-------- Exercise input

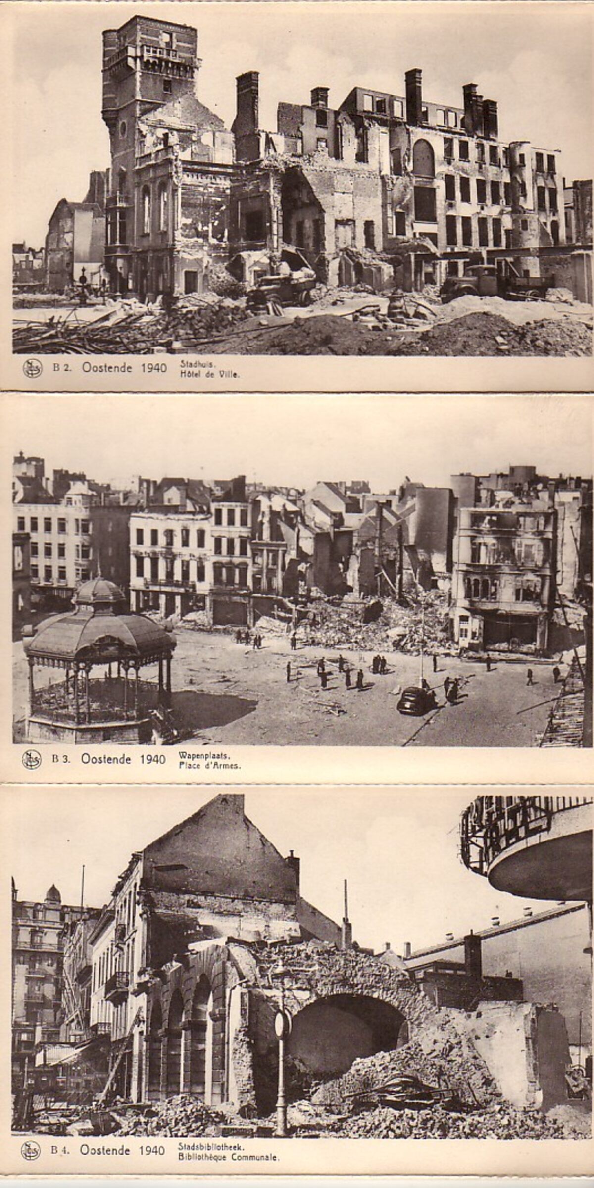Boekje met 10 postkaarten. Ruïnes Oostende 1940
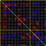 This matrix displays the maximum distance fluctuations between all pairs of CA atoms and between the two extreme conformations that were computed for this mode (DQMIN/DQMAX). Distance increases are plotted in blue and decreases in red for the strongest 10% of the residue pair distance changes. Every pixel corresponds to a single residue. Grey lines are drawn every 10 residues, yellow lines every 100 residues (counting from the upper left corner).
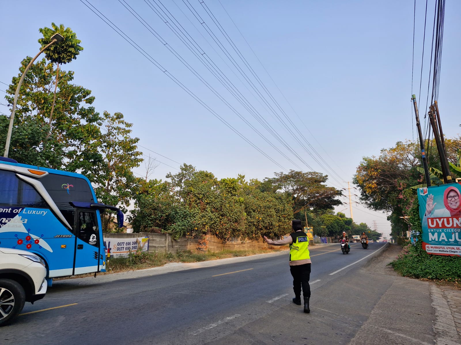 Polres Cilegon, Aipda Emi Prasetyo melaksanakan kegiatan pengaturan arus lalu
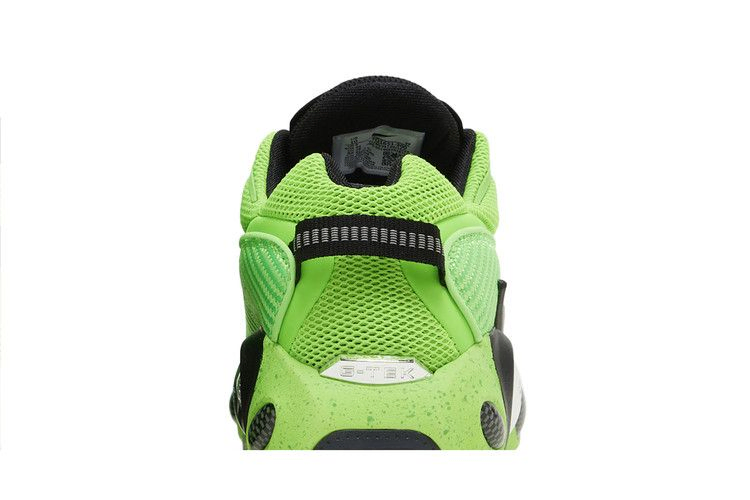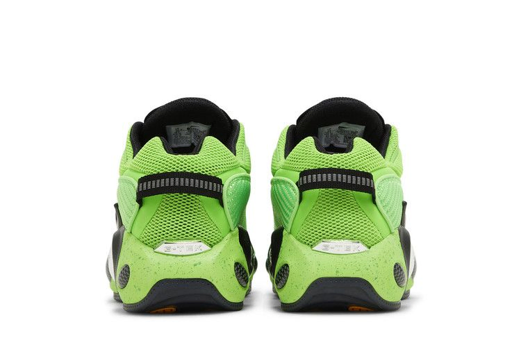 NOCTA x Nike Glide 'Slime Green' использует флуоресцентный оттенок дышащего сетчатого верха, наложенный на тональные тканые боковые панели по мотивам Air Zoom Flight 95. Дополнительный намек на винтажные кроссовки - уникальные детали в виде "пучеглаза", встроенные в пенопластовую межподошву с крапинками, а также тиснение "NOCTA" на овале с хромированной отделкой. Внутри кроссовка серебристые стельки с металлическим отливом украшены логотипами NOCTA и EYBL, которые отдают дань уважения Элитной молодежной баскетбольной лиге Nike.
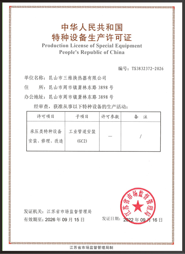 A2壓力容器制造許可證,D1/D2壓力容器設(shè)計(jì)許可證;GC2管道安裝許可證;ASME U/NB鋼印;ISO9001、ISO45001、ISO14001體系認(rèn)證證書(shū)等。
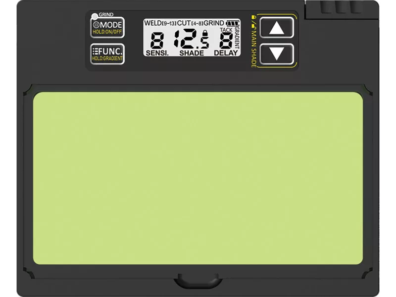 - TEST button allows checking the correct operation of auto-darkening function for each shading level, which helps protect the operator's eyes and health with regular filter function checks
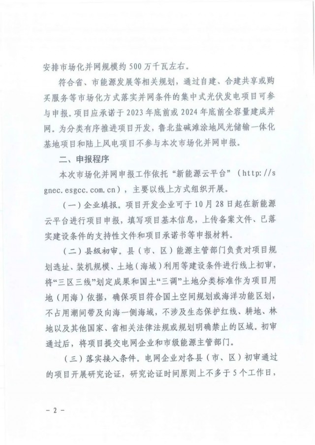 符合省、市能源發(fā)展等相關(guān)規(guī)劃,通過(guò)自建、合建共享或購(gòu)買(mǎi)服務(wù)等市場(chǎng)化方式落實(shí)并網(wǎng)條件的集中式光伏發(fā)電項(xiàng)目可參與申報(bào)。項(xiàng)目應(yīng)承諾于2023年底前或2024年底前全容量建成并網(wǎng)。為分類有序推進(jìn)項(xiàng)目開(kāi)發(fā),魯北鹽堿灘涂地風(fēng)光儲(chǔ)輸一體化基地項(xiàng)目和陸上風(fēng)電項(xiàng)目不參與本次市場(chǎng)化并網(wǎng)申報(bào)。

----------------

:: What the exercise asks ::
Before you return the listing, strip out its pictures; all else must match exactly.

:: Task response ::
Boekje met 10 postkaarten. Ruïnes Oostende 1940
 This matrix displays the maximum distance fluctuations between all pairs of CA atoms and between the two extreme conformations that were computed for this mode (DQMIN/DQMAX). Distance increases are plotted in blue and decreases in red for the strongest 10% of the residue pair distance changes. Every pixel corresponds to a single residue. Grey lines are drawn every 10 residues, yellow lines every 100 residues (counting from the upper left corner).
 Polres Cilegon, Aipda Emi Prasetyo melaksanakan kegiatan pengaturan arus lalu
 NOCTA x Nike Glide 'Slime Green' использует флуоресцентный оттенок дышащего сетчатого верха, наложенный на тональные тканые боковые панели по мотивам Air Zoom Flight 95. Дополнительный намек на винтажные кроссовки - уникальные детали в виде "пучеглаза", встроенные в пенопластовую межподошву с крапинками, а также тиснение "NOCTA" на овале с хромированной отделкой. Внутри кроссовка серебристые стельки с металлическим отливом украшены логотипами NOCTA и EYBL, которые отдают дань уважения Элитной молодежной баскетбольной лиге Nike.
 A2壓力容器制造許可證,D1/D2壓力容器設(shè)計(jì)許可證;GC2管道安裝許可證;ASME U/NB鋼印;ISO9001、ISO45001、ISO14001體系認(rèn)證證書(shū)等。
 - TEST button allows checking the correct operation of auto-darkening function for each shading level, which helps protect the operator's eyes and health with regular filter function checks
 符合省、市能源發(fā)展等相關(guān)規(guī)劃,通過(guò)自建、合建共享或購(gòu)買(mǎi)服務(wù)等市場(chǎng)化方式落實(shí)并網(wǎng)條件的集中式光伏發(fā)電項(xiàng)目可參與申報(bào)。項(xiàng)目應(yīng)承諾于2023年底前或2024年底前全容量建成并網(wǎng)。為分類有序推進(jìn)項(xiàng)目開(kāi)發(fā),魯北鹽堿灘涂地風(fēng)光儲(chǔ)輸一體化基地項(xiàng)目和陸上風(fēng)電項(xiàng)目不參與本次市場(chǎng)化并網(wǎng)申報(bào)。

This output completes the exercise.